This map is part of a series of 12 animated maps showing the history of The Bible and History.
The gradual collapse of the Neo-Assyrian Empire at the end of the 7th century BCE made possible the emergence of the Neo-Babylonian Empire. This new empire did not last long, less than a century [from 626 to 539], but it was to leave an indelible mark on the history of the people of Israel.
In 605 BCE, King Nebuchadnezzar II [who reigned from 605 to 562] defeated the Pharaoh Necho at the Battle of Karkemish, on the Turkish/Syrian border today and extended the Babylonian realm across the Levant and as far as Egypt.
In this situation, the kingdom of Judah, until now an Assyrian vassal, came under the control of Babylon. These facts were recorded in Babylonian chronicles etched on clay tablets and are also known from the second Book of Kings and the Book of Jeremiah.
After this, however, Nebuchadnezzar suffered a number of military setbacks.
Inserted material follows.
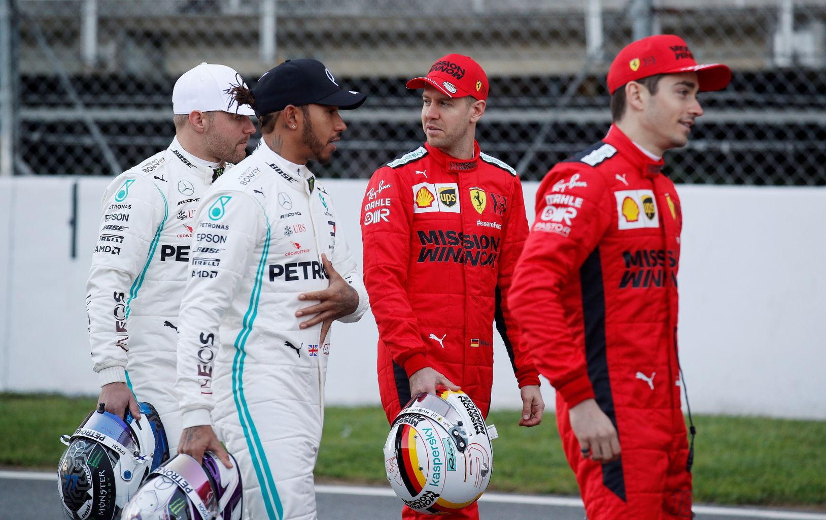 F1 drivers (from left) Valtteri Bottas, Lewis Hamilton, Charles Leclerc and Sebastian Vettel ahead of 2020 testing in Barcelona, Spain.

King Jekoiakim of Judah, in alliance with Egypt, revolted against his rule. Retaliation soon followed: on 16 March 597 BCE, King Nebuchadnezzar took the city of Jerusalem and sent Jekoiakim’s son, who had recently become king, into exile together with other members of the Judean elite. He then placed Zedekiah on the throne of Judah.
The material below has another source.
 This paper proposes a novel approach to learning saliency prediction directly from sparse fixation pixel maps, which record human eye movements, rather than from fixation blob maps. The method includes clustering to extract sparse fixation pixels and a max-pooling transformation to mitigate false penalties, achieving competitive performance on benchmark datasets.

But the revolt continued, perhaps because there were rumours about political troubles in Babylon. In 589 BCE, the Babylonian armies again marched against the Kingdom of Judah and, after a long siege, took Jerusalem in 586 BCE. The city and the sanctuary were burned down and religious objects inside the Temple were carried away to Babylon. Zedekiah was exiled with the remaining members of the elite and Gedaliah was appointed Governor [2 Kings 25.1-22]. But he was assassinated soon afterwards by a member of the royal family and it seems that, in response to this act, the Babylonians launched a third wave of deportations in 582 BCE [Jer. 52.30].
In order to escape further reprisals, some inhabitants of Judah probably chose to take refuge in Egypt. Over a 15-year period, the country lost a large number of its inhabitants but was not completely depopulated, as most of the rural population remained.
Nevertheless, the Kingdom of Judah disappeared from the map and the region of Judea (Yehud in Aramaic) was now a province of the Babylonian Empire.